Chronic Obstructive Pulmonary Disease (COPD) affects many adults over the age of 50. Part of its incidence in the population is attributed to work and exposure to risk factors such as silica dust, and anticipating the diagnosis can prevent its worsening. This study aims to identify patients at higher risk of having a positive COPD diagnosis using variables routinely collected in primary care. A total of 120,294 participants from the UK Biobank database, recruited between 2006 and 2010, were analyzed. Of these, 1,837 (1.5%) had a positive COPD diagnosis. A total of 20 variables, including demographic data, laboratory tests, habits, and symptoms, were selected to build predictive models of COPD using five machine learning algo- rithms (artificial neural networks, extra trees, random forests, catboost, and extreme gradient boosting). Additionally, a subset of 7,628 participants with a history in the construction and mining industries was selected to train a specialized model. Among them, 248 (3.25%) had a positive diagnosis. Data were randomly divided, with 70% allocated for training the models and 30% for performance testing. Both models showed good predictive performance.

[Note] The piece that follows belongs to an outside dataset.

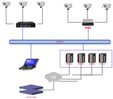 这套视频监控存储设备通过IP网络向所有的视频编码设备,包括视频服务器(NVS)、网络硬盘录像机提供视频监控录像存储空间。其它服务器或监控设备可以直接从磁盘阵列中读取视频监控录像,或者通过视频编码设备读取视频监控录像。

The general model achieved an AUC of 0.847, sensitivity of 0.786, and specificity of 0.765. In the specialist model, an AUC of 0.830, sensitivity of 0.773, and specificity of 0.773 were obtained. The five main predictive variables were chronic cough, age, history of asthma, sputum production, and tobacco exposure. The results demonstrate that it is possible to predict the individual risk of COPD diagnosis using variables commonly collected in primary care
Competing Interest StatementThe authors have declared no competing interest.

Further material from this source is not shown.